DATASET SECTION >>
********************

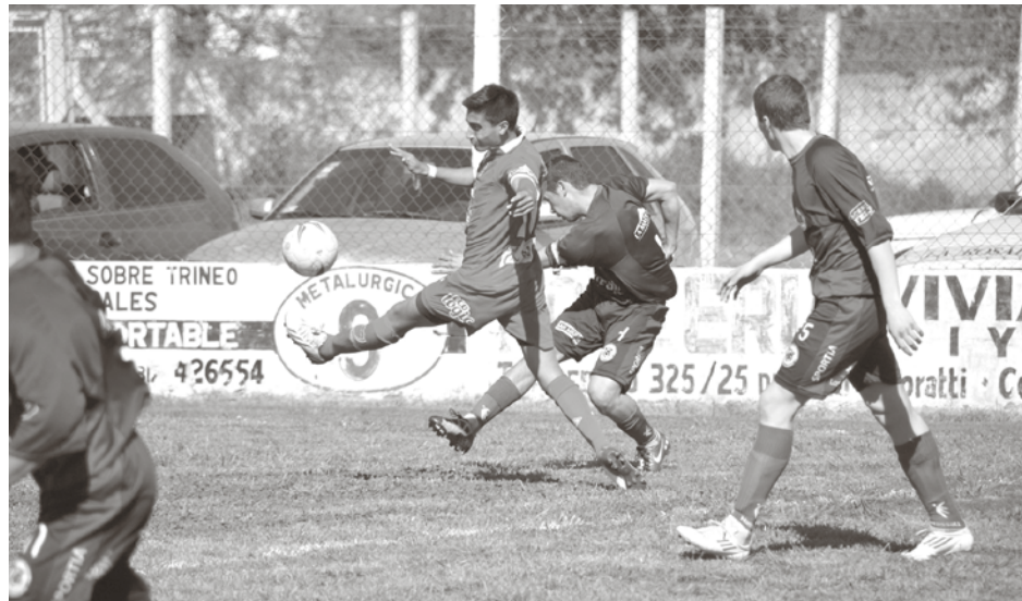
El Granate fue más y lo volcó en la red.

Millonarios y Albinegros consiguieron una victoria y volvieron a la cima de la tabla - San Agustín goleó a Agustín Alvarez.
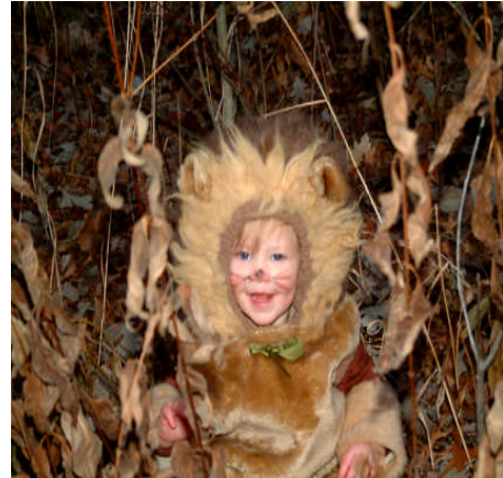
Resim 1.11: Aslan çocuk kostümü
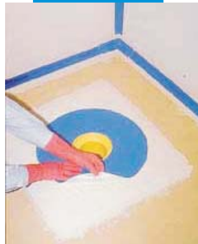
osazení speciální manžety Mapeband do Mapegumu WPS

********************

Above is a listing with pictures. Write it out exactly without them.

RESPONSE AREA >>
El Granate fue más y lo volcó en la red.

Millonarios y Albinegros consiguieron una victoria y volvieron a la cima de la tabla - San Agustín goleó a Agustín Alvarez.
Resim 1.11: Aslan çocuk kostümü
osazení speciální manžety Mapeband do Mapegumu WPS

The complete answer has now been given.